■ ABOUT THIS TASK: When you reach the line that contains "This diorama fits" in the data below, start reproducing lines exactly, and stop after the line that contains "- Immunofluorecent analysis".

Start of DATA SHOWN

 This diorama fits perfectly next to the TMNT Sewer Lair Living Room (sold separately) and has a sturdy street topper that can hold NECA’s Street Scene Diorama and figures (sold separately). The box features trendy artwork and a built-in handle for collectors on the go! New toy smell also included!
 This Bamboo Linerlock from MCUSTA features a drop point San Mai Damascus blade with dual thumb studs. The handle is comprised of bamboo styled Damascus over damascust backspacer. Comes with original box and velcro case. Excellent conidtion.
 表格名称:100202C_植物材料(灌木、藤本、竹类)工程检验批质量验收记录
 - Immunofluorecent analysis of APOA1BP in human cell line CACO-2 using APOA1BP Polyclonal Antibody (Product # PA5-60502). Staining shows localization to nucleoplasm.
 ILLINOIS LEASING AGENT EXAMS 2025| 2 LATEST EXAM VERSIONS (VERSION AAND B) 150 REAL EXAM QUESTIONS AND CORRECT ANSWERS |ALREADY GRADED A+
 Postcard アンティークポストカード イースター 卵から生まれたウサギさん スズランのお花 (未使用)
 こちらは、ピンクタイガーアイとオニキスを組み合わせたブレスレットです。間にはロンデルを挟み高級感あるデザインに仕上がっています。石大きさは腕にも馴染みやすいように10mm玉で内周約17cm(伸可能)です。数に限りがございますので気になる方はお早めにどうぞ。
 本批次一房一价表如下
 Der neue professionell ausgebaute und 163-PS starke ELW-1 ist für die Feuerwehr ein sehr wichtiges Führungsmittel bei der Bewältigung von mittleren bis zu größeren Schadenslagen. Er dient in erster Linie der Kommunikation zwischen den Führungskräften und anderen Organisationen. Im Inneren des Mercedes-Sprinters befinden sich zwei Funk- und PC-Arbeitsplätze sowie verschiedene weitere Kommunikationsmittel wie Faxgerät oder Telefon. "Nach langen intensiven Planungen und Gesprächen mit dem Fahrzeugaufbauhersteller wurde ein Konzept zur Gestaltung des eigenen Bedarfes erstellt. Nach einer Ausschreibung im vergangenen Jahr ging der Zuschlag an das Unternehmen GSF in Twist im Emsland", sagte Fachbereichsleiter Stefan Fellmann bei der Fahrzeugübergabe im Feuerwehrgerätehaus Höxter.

End of DATA SHOWN
Start of DATA SHOWN

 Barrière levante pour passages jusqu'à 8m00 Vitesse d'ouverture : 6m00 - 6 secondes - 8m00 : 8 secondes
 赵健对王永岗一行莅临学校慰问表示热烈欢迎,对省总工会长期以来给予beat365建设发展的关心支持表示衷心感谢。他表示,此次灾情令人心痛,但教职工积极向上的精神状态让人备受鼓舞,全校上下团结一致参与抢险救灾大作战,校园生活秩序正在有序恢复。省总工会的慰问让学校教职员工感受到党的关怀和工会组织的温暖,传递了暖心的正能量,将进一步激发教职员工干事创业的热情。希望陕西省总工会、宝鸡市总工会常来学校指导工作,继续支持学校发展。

End of DATA SHOWN
Start of DATA SHOWN

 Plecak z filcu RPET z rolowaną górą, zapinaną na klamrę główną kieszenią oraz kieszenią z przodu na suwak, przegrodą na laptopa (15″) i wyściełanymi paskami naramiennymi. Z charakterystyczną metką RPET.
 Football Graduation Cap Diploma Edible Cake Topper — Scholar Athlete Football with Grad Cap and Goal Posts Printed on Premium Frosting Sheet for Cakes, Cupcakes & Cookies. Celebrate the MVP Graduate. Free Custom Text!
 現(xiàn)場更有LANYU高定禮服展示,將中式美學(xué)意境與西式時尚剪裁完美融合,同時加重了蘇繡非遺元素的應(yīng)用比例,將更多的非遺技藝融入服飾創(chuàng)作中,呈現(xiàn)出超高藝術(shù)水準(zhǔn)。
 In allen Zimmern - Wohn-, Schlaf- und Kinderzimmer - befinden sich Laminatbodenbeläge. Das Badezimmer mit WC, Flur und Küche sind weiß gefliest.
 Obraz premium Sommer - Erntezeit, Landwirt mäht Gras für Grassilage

End of DATA SHOWN

■ ANSWER FOR THE TASK:
 This diorama fits perfectly next to the TMNT Sewer Lair Living Room (sold separately) and has a sturdy street topper that can hold NECA’s Street Scene Diorama and figures (sold separately). The box features trendy artwork and a built-in handle for collectors on the go! New toy smell also included!
 This Bamboo Linerlock from MCUSTA features a drop point San Mai Damascus blade with dual thumb studs. The handle is comprised of bamboo styled Damascus over damascust backspacer. Comes with original box and velcro case. Excellent conidtion.
 表格名称:100202C_植物材料(灌木、藤本、竹类)工程检验批质量验收记录
 - Immunofluorecent analysis of APOA1BP in human cell line CACO-2 using APOA1BP Polyclonal Antibody (Product # PA5-60502). Staining shows localization to nucleoplasm.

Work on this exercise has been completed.